Insolvency Law Aims Critique
Info: 3190 words (13 pages) Essay
Published: 2nd Aug 2019
Jurisdiction / Tag(s): UK Law
Pick one of the aims of a good modern insolvency law as promulgated by the Cork Committee in paragraph 198 of their seminal 1982 report. Critique that aim positing your analysis against the OFT investigation into the efficacy of the English and Welsh corporate insolvency provisions (where appropriate) and any other debates on the role and function of English and Welsh insolvency law and practice.
In some ways or the other insolvency law has come a long way due to cork report, and various other statutes and court decisions have come through to remedy the deficiencies and rescue the system. [1] Kenneth Cork was serving as a chairman of the Cork committee (1982), the committee made recommendation for the law and practice regarding insolvency, bankruptcy, liquidation to formulate a comprehensive insolvency law procedure this was mainly done for the purpose harmonising the procedures, and to provide a formal legal procedure for business rescue the report emphasised a lot on the unified system of insolvency courts to be created to administer the laws, and that the creditors should have a greater voice in the choice of liquidator, new penalties and constraints on directors. Cork was trying to increase the chances of the survival of the company and to make it effective, he has also introduced the concept of administrator into corporate insolvency law, and Cork was also a plight of the unsecured creditors who generally received nothing in the end. [2] The report recommendation produced a sea change in the foundation of corporate insolvency law regimes. [3] The cork Committee gave effect to the Insolvency law 1986, The Act itself provides several mechanisms to facilitate rescue, most poignantly the administration order. [4] Whilst of course the provisions were not enacted word for word, much of the proposals of the Cork Committee were given effect to by the Insolvency Act 1986. [5] It has now been implanted in a new revised act of Enterprise Act 2002.
It is now almost twenty years since the insolvency law reform finally edged England towards a rescue culture. As Fletcher points out “From a purely political point of view reform of this area of law has consistently been allocated a low property. Insolvency Law has traditionally been perceived as arid, obscure and remote, there are ‘no votes in it’.” [6]
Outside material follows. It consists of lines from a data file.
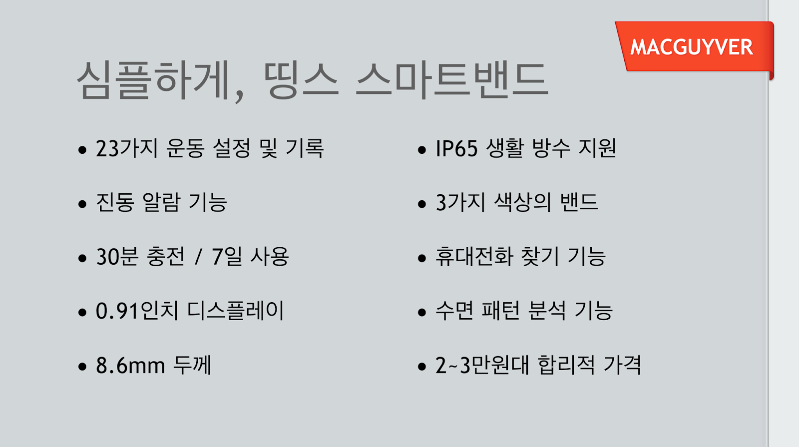 2~3만원대 스마트밴드를 찾는다면, 또한 국내에서도 믿고 구입할 수 있는 제품을 찾고 있었다면, 띵스 스마트밴드를 알아보는 것도 좋을 것 같았다. 부담 없이 구입해서 24시간의 일상을 모두 담아주기 때문이다. - MACGUYVER.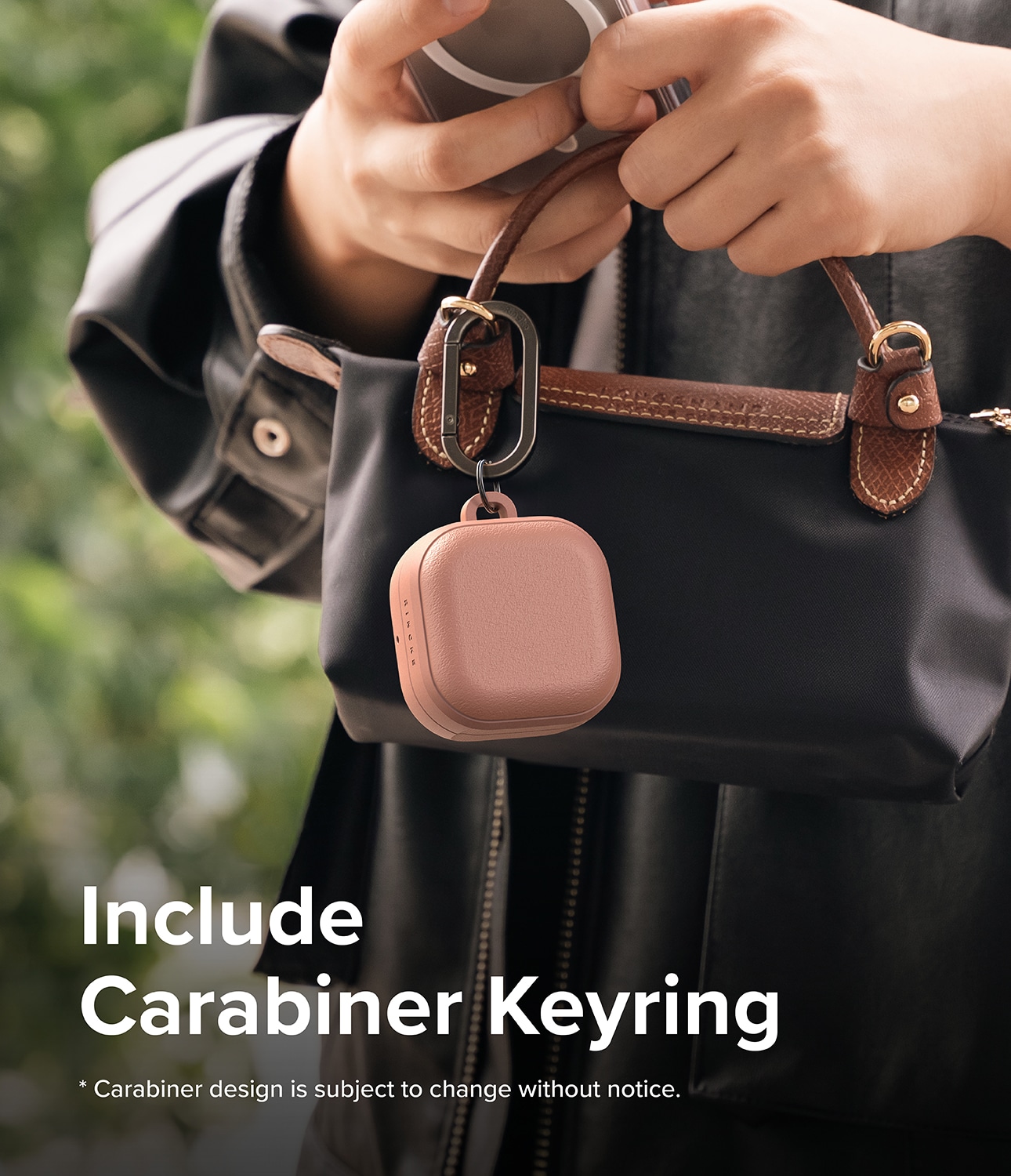 Der mitgelieferte Karabiner ermöglicht eine einfache Befestigung an Tasche oder Schlüsselbund. Mit MagSafe-Unterstützung kann das Gerät bequem drahtlos aufgeladen werden, ohne die Hülle zu entfernen.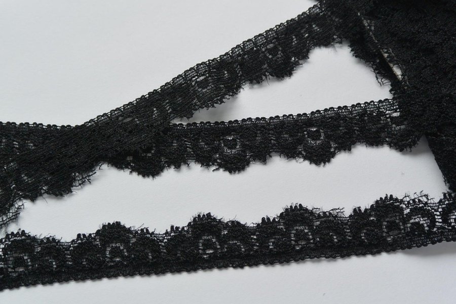 Svart elastisk spets. 1,6 cm bred.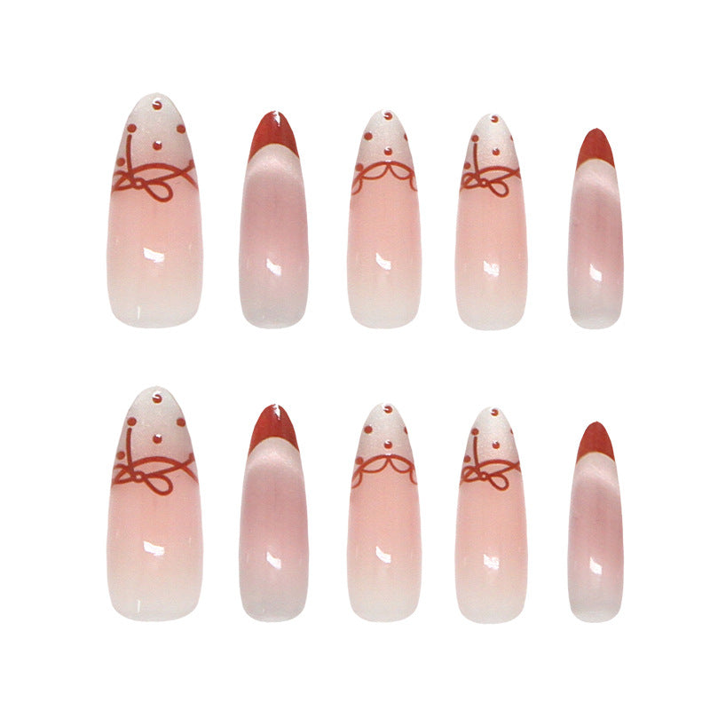 Charming Dream Press On Nails Long Almond Blush Pink with Elegant Bow Accents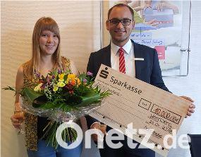 Kundenberater David Raab hatte in die Sparkasse Wernberg eingeladen und überreichte neben einem Blumenstrauß einen symbolischen Scheck. Maria Schwandner hat schon einige Ideen, wie sie den überraschenden Geldsegen investieren wird. Der Los-Einsatz von lediglich einem Euro pro Los hat sich gelohnt.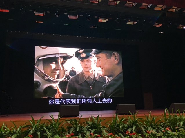 隨后,在場師生共同觀看了俄羅斯紀錄片?Гагарин—Первый в Космосе? (《搏擊太空》)片段。該片詳細講述了前蘇聯宇航員尤里·加加林成功實現人類第一次太空飛行的過程,通過大量紀實錄像真實地還原了發射場面。影片中扣人心弦情節給大家留下了深刻的印象,增進了同學們對首次太空飛行的了解。俄語中心教師德米特里·克留科夫告訴同學們,航空航天事業對人類的發展至關重要,希望大家能努力學習知識、打好理論基礎,懷抱太空夢,探索新高度。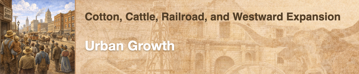 When you think of big cities in Texas, you may think of Houston, Dallas, Austin, and San Antonio, but these cities were not always so large. In this experience, you will learn why people were moving from the rural areas to the cities.
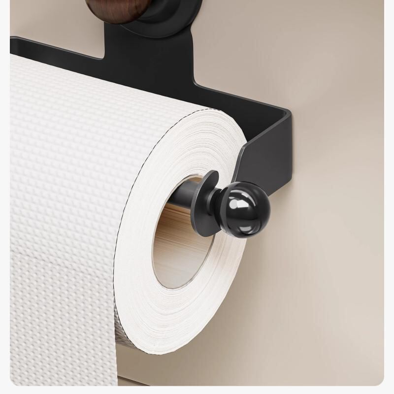 トイレットペーパーホルダー 吸盤式 穴開け不要 壁掛け式 ロールペーパー収納 トイレ バスルーム スチール製 レトロ調 高級感 ウォールナット調 ブナ材調 スクエアデザイン

One of the aims of the Cork committee which is of my focus here is “To recognise that the effect of insolvency are not limited to the private interests of the insolvent and his creditors, but that other interest of society or other groups in society are vitally affected by the insolvency and its outcome, and to ensure that these public interests are recognised and safeguarded.” [7] Clause 203 of the Cork report, emphasis on the business commercial, insolvencies which not only effect the interests of the people directly attached to it, for example the directors and shareholders and the creditors and employees but also on other interest such as suppliers, their failure upon the realisable value of stock, and goodwill can be disastrous, the modern approach is that there is a sit in by workers of their physical presence to ensure they have a secured job or the particular organisation was being controlled by some other organisation, it has been emphasised that one company being bankrupt can affect other people and community , and this should not be ignored. [8] Vanessa sets out her own theoretical framework, which she calls the “explicit values approach”, a broad-based, interdisciplinary approach that considers community and public interests in addition to the interests of creditors.’ It incorporates aspects from some of the competing visions and establishes four benchmarks with which she evaluates English insolvency law and proposed reforms: efficiency, expertise, accountability and fairness”. [9]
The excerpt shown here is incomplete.